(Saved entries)
::::::::::
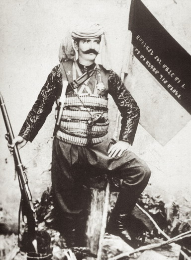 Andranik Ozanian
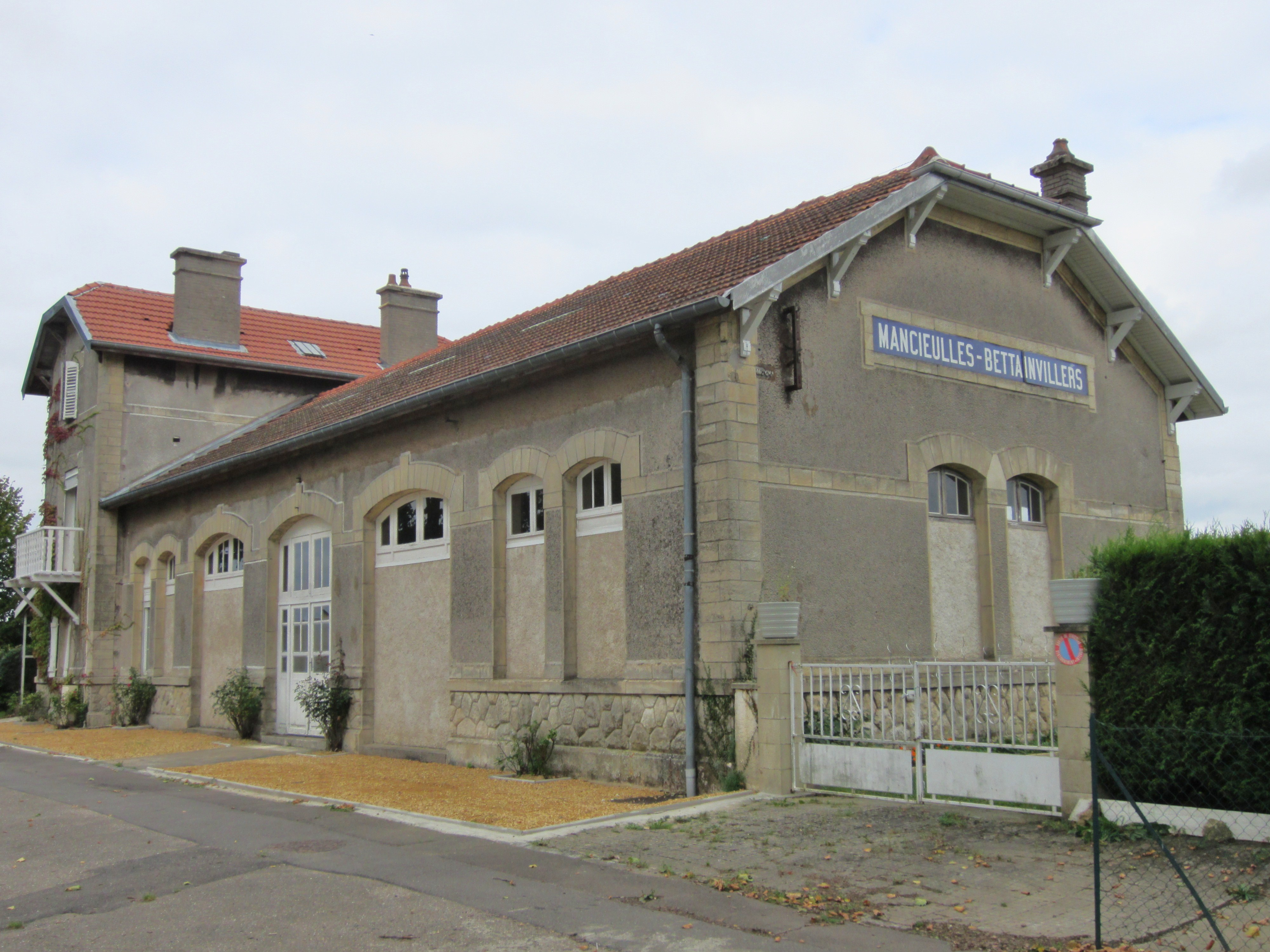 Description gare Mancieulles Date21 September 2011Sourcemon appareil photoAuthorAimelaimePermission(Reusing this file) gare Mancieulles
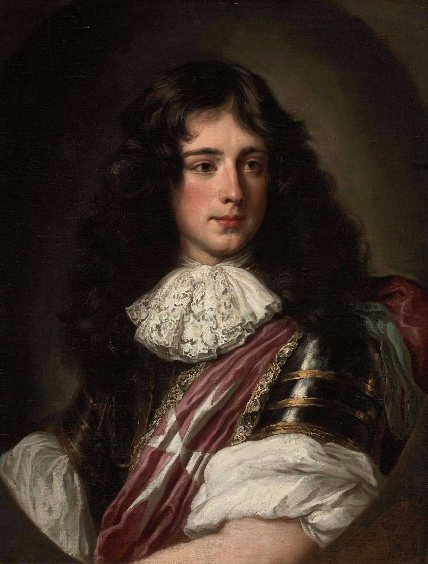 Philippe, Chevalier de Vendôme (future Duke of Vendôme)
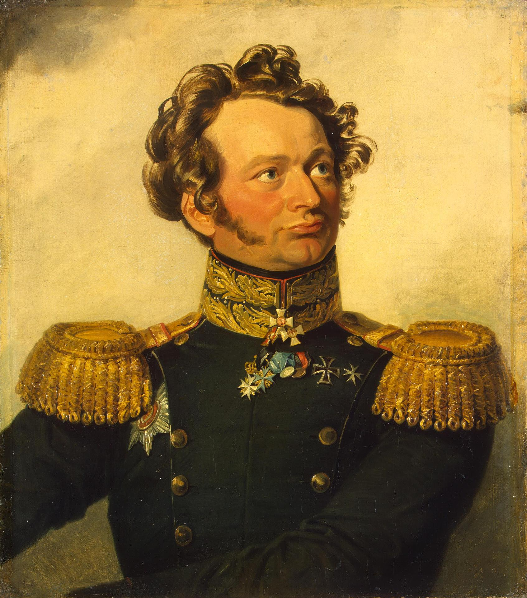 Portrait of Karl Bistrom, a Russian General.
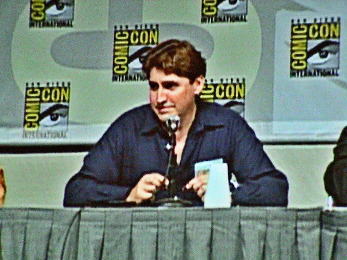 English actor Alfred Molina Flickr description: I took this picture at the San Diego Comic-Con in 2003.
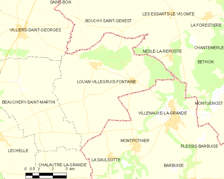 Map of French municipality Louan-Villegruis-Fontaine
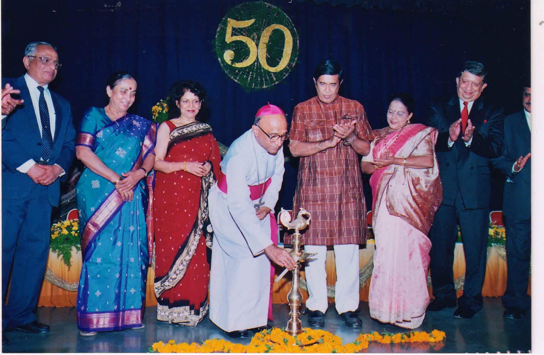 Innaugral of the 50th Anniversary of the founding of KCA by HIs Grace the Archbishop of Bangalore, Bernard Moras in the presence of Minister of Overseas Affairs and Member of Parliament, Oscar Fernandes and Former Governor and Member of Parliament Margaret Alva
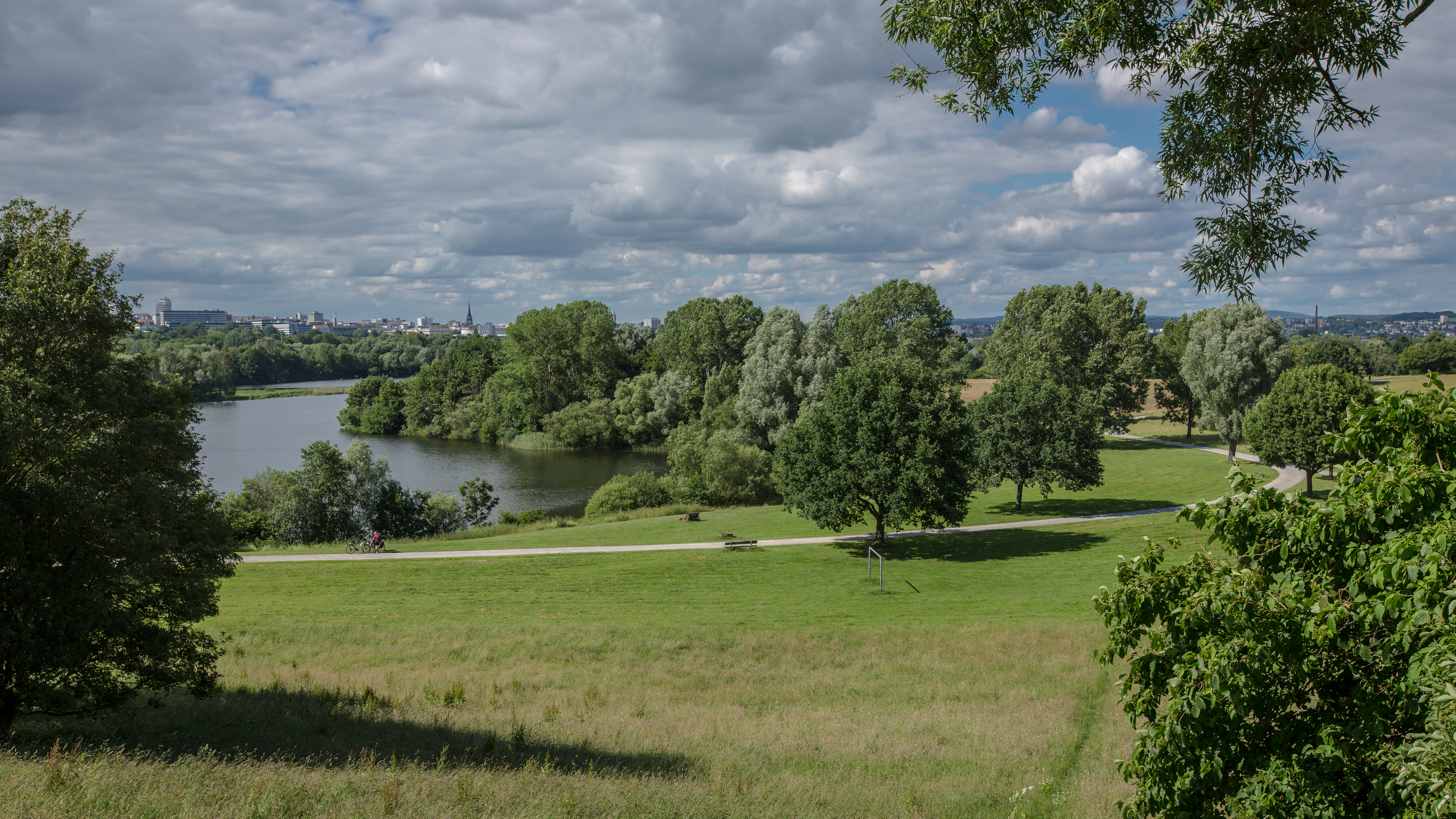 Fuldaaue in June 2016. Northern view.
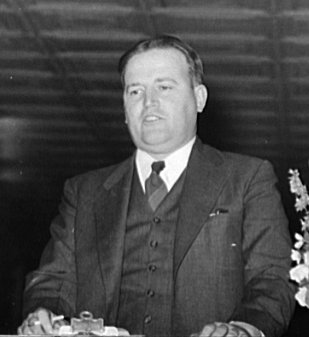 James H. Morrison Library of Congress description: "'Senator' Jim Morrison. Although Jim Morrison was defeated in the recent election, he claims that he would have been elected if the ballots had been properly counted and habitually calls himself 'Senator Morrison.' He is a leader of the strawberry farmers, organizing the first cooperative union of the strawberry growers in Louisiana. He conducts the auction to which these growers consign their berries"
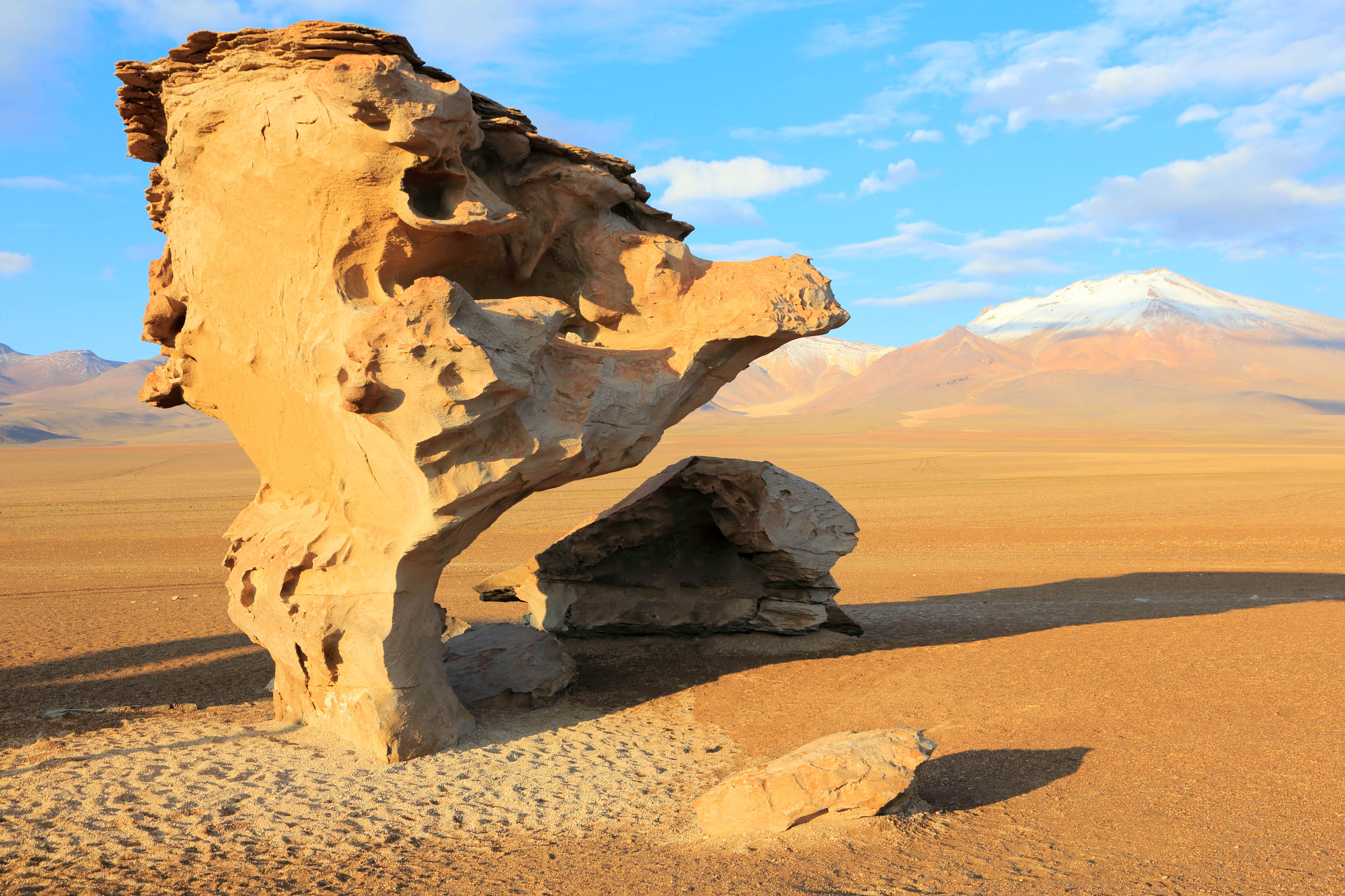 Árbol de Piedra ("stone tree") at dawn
::::::::::
Task to carry out: Pictures excluded, reproduce only the part above that opens with the line holding "Map of French" and closes with the line holding "Fuldaaue in June 2016. Northern view.", exactly as written.

Solution to this task:
 Map of French municipality Louan-Villegruis-Fontaine
 Innaugral of the 50th Anniversary of the founding of KCA by HIs Grace the Archbishop of Bangalore, Bernard Moras in the presence of Minister of Overseas Affairs and Member of Parliament, Oscar Fernandes and Former Governor and Member of Parliament Margaret Alva
 Fuldaaue in June 2016. Northern view.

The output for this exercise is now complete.